How do project owners use pull requests on Github?
Pull-based development as a distributed development model is a distinct way of collaborating in software development. In this model, the project’s main repository is not shared among potential contributors; instead, contributors fork (clone) the repository and make their changes independent of each other. In the pull-based model, the role of the integrator is crucial. The integrator must act as a guardian for the project’s quality while at the same time keeping several (often, more than ten) contributions "in-flight" by communicating modification requirements to the original contributors. Being a part of a development team, the integrator must facilitate consensus-reaching discussions and timely evaluation of the contributions.
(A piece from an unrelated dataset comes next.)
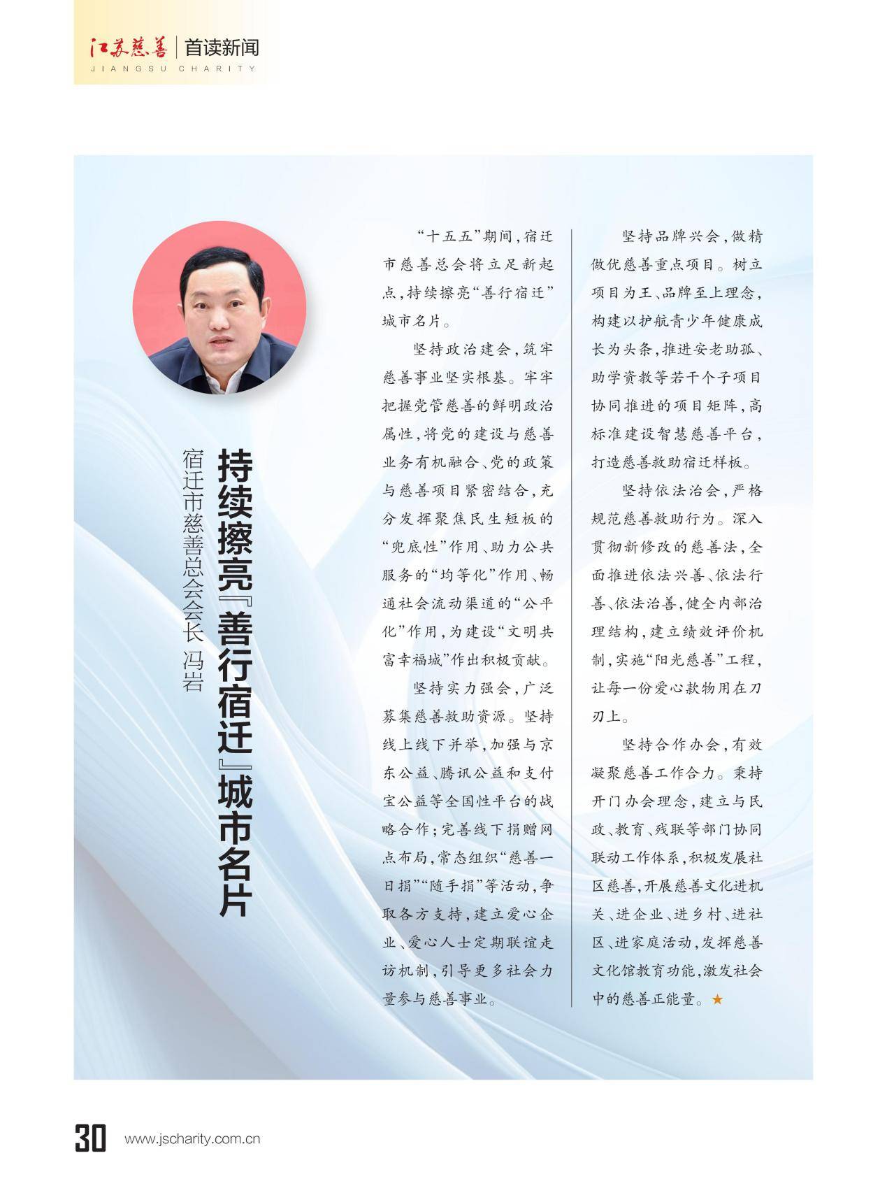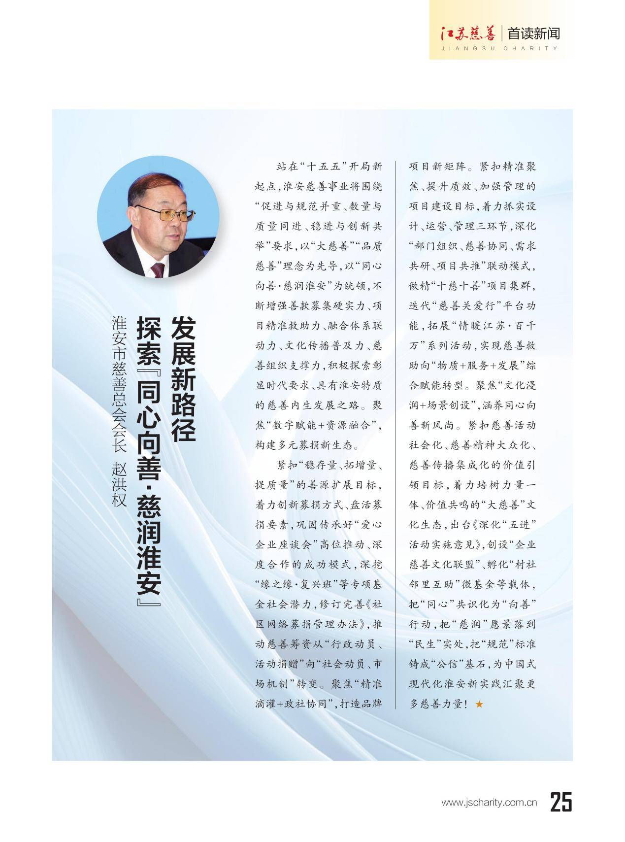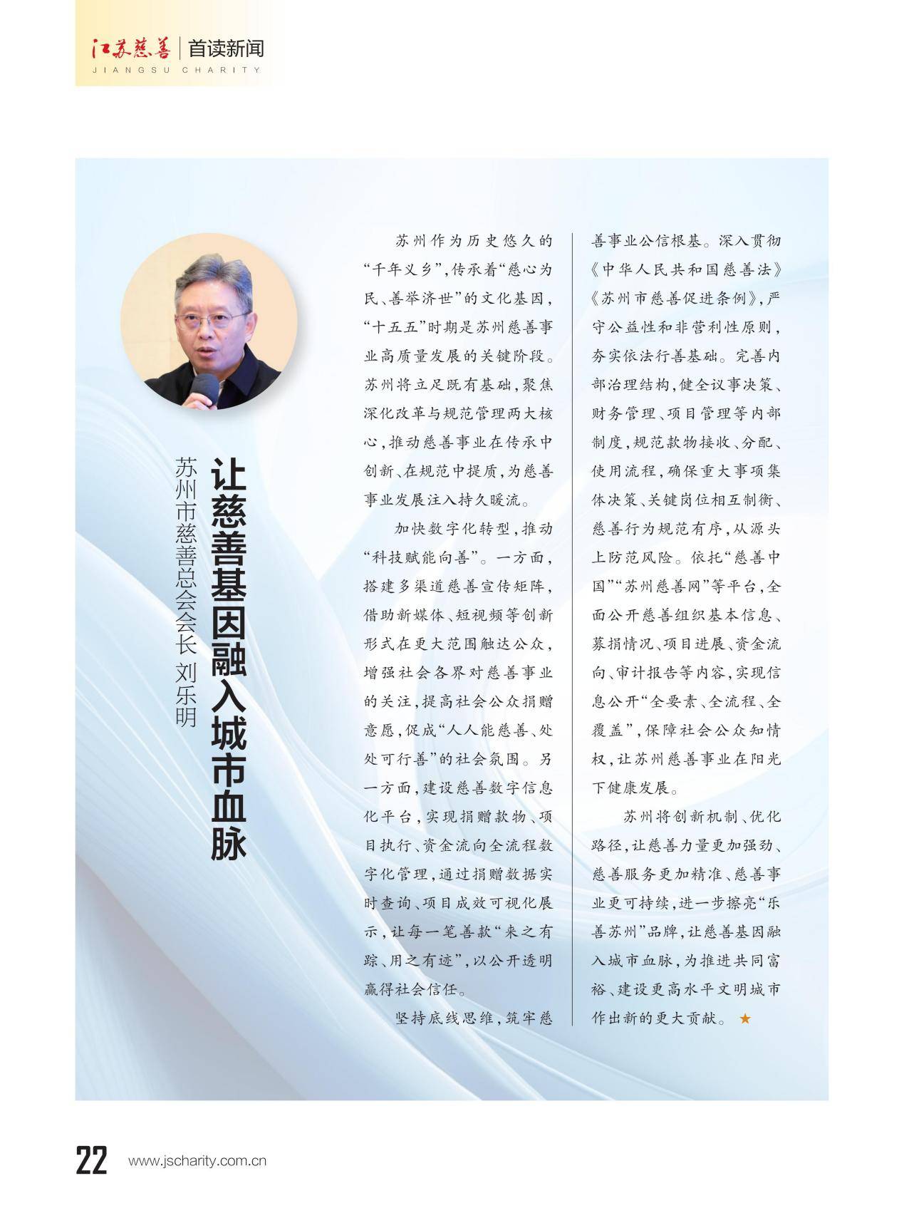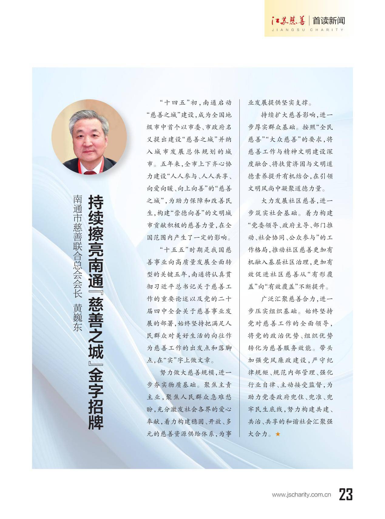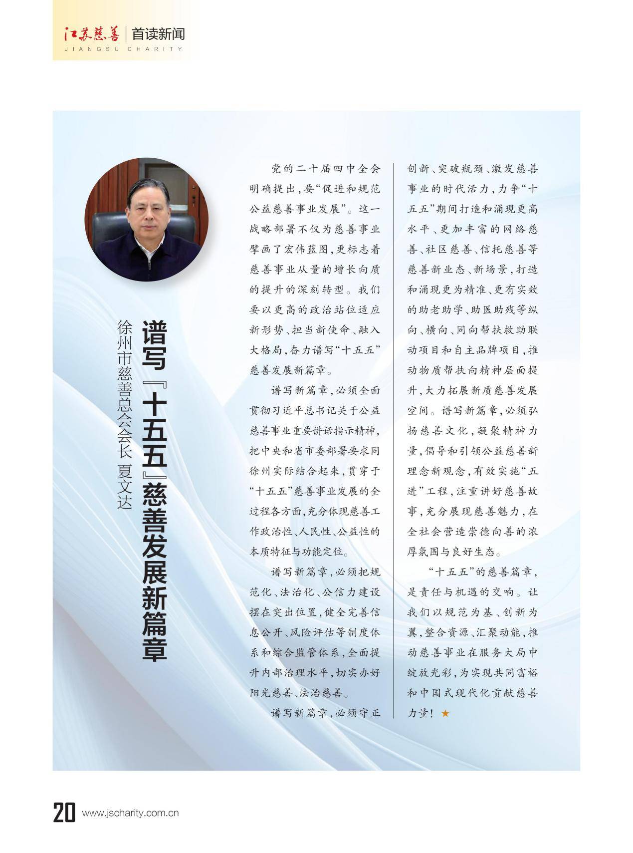 本期《江苏慈善》杂志推出主题策划"13市慈善总会会长寄语‘十五五’”,邀请13位设区市慈善总会会长联系各市实际,畅谈对“十五五”期间慈善工作的想法和打算。

In Open Source Software (OSS) projects, the integrator is additionally taxed with enforcing an online discussion etiquette and ensuring the project’s longevity by on-boarding new contributors.
In Apr 2014, we run a survey among Github users trying to understand how integrators (also contributors; still analyzing the results) use pull requests and to discover what challenges they may face. We got 750 responses.
We found three large themes in how integrators use pull requests: code reviews, soliciting contributions from the community and discussing new features. We also found that integrators are struggling with maintaining quality and prioritizing work, while social challenges do not allow them to be efficient.
How do integrators use pull requests in their projects?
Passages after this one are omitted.